Ahad 30 May 2021 04:31 WIB

Facebook Dikecam karena Iklan Properti Permukiman Ilegal

Facebook dikritik karena biarkan iklan penjualan properti di permukiman ilegal Israel

Rep: Mimi Kartika/ Red: Christiyaningsih
Facebook (ilustrasi)
Foto: REUTERS
Facebook (ilustrasi)

REPUBLIKA.CO.ID, JAKARTA -- Facebook dikritik karena membiarkan iklan penjualan properti di permukiman ilegal Israel tayang di Instagram. Hal ini terjadi di tengah kemarahan yang terus berlanjut atas tuduhan sensor di media sosial terhadap akun milik orang Palestina dalam beberapa pekan terakhir.

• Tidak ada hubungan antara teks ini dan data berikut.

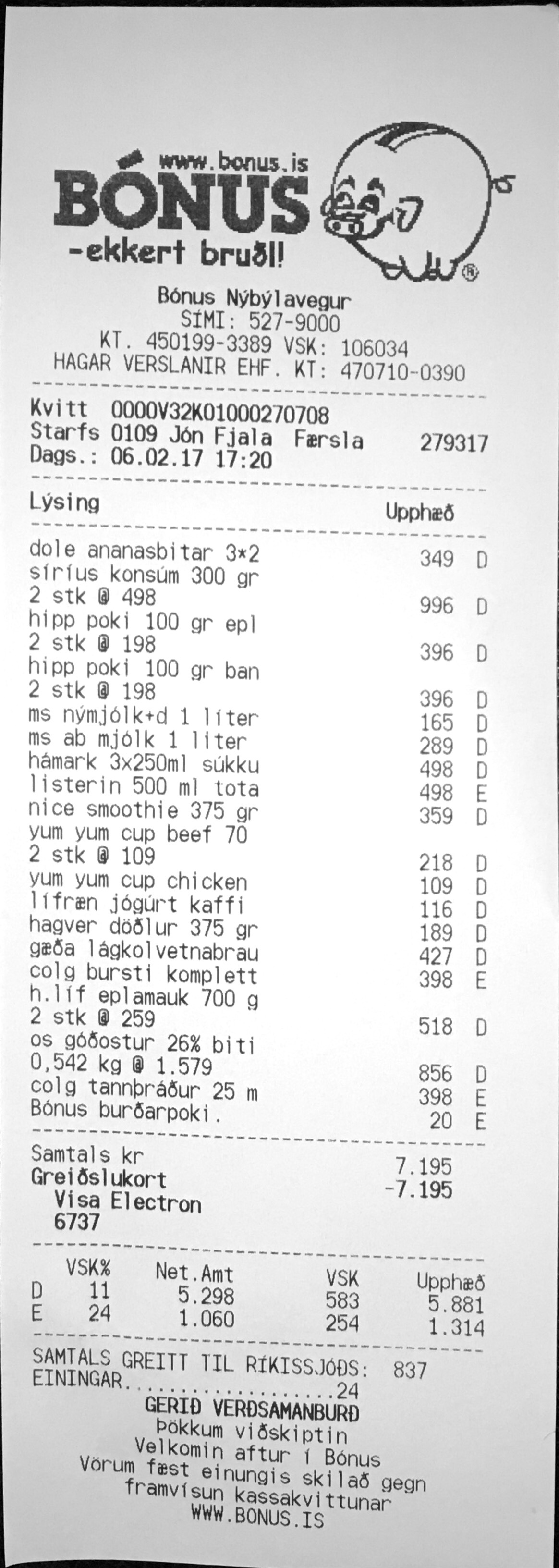 | 18 | Bónus burðarpoki. | Innkaupapokar | Bónus burðarpoki | 20 | 1 | 20 | ||

Dilansir Middle East Eye pada Jumat (28/5), akun Twitter bernama @fadiquran mencuit tentang iklan yang tayang di Instagram Story. Iklan itu menunjukkan penjualan properti perusahaan Israel di permukiman Tepi Barat yang diduduki di utara Beit Aryeh-Ofarim.

Baca Juga

"Serius @instagram? Platform tidak hanya menyensor suara Palestina, tetapi juga mendapat untung dari penjualan permukiman Israel yang dibangun di atas tanah curian, dengan memungkinkan mereka untuk dipasarkan & dijual di platform. Konsensus internasional adalah permukiman merupakan kejahatan internasional," tulis @fadiquran.

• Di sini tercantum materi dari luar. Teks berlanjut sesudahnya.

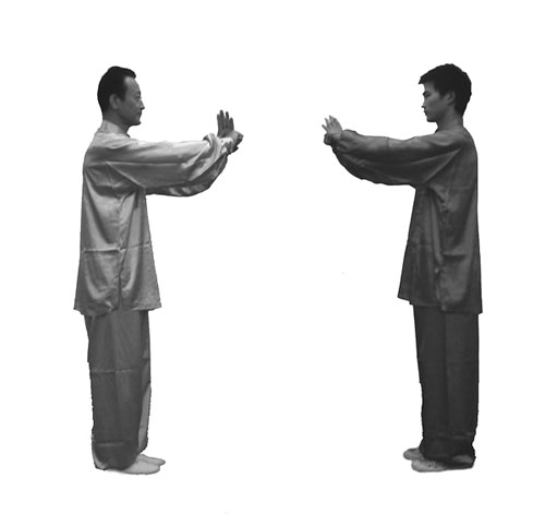 两人相对而立,距离约为1.5—2米,行抱拳礼(见图1,浅色衣者为甲,深色衣者为乙)。礼毕,两人双臂自然放松下垂于体侧,目视对方(见图2)。 行抱拳礼即是尊重对方又是庄重宣布严守武德,潜移默化修养心性,武术交手训练不可或缺。此时进入接手训练准备阶段。

Permukiman Israel di Tepi Barat dan Yerusalem Timur melanggar Konvensi Jenewa Keempat yang melarang pemindahan penduduk sipil ke daerah-daerah yang diduduki secara militer. Sekitar 600 ribu warga Israel tinggal di 140 permukiman ilegal di Tepi Barat yang telah diduduki Israel sejak 1967.

Pada tahun 2020, kantor hak asasi manusia PBB (OHCHR) menerbitkan daftar 112 bisnis yang beroperasi di permukiman Israel. Perusahaan-perusahaan tersebut antara lain Airbnb, Booking.com, Expedia, dan Motorola Solutions. Mereka dituduh mengambil untung dari perdagangan dengan permukiman Israel.

"Laporan tersebut menjelaskan bahwa rujukan ke entitas bisnis ini bukanlah, dan tidak dimaksudkan sebagai, proses yudisial atau kuasi-yudisial," kata OHCHR.

"Meskipun penyelesaian seperti itu dianggap ilegal menurut hukum internasional, laporan ini tidak memberikan karakterisasi hukum dari kegiatan yang dipermasalahkan, atau keterlibatan perusahaan bisnis di dalamnya," kata OHCR.

Di tengah meningkatnya kekerasan baru-baru ini, seruan boikot dan sanksi terhadap Israel dan perusahaan yang diuntungkan dari pelanggaran hukum internasional terus mengemuka. Facebook dan perusahaan media sosial lainnya menghadapi tekanan yang meningkat setelah eskalasi mematikan baru-baru ini di Israel dan Palestina yang telah menggugurkan sekitar 292 orang.

Twitter, TikTok, Instagram, dan Facebook semuanya dituduh melarang, memblokir, atau membatasi akun yang menerbitkan foto-foto pengeboman Israel terhadap warga sipil di Jalur Gaza yang terkepung. Jejaring sosial juga dituduh membatasi unggahan yang menyertakan kata-kata atau tagar "Palestina", "perlawanan", "Israel", "Hamas", dan "al-Aqsa".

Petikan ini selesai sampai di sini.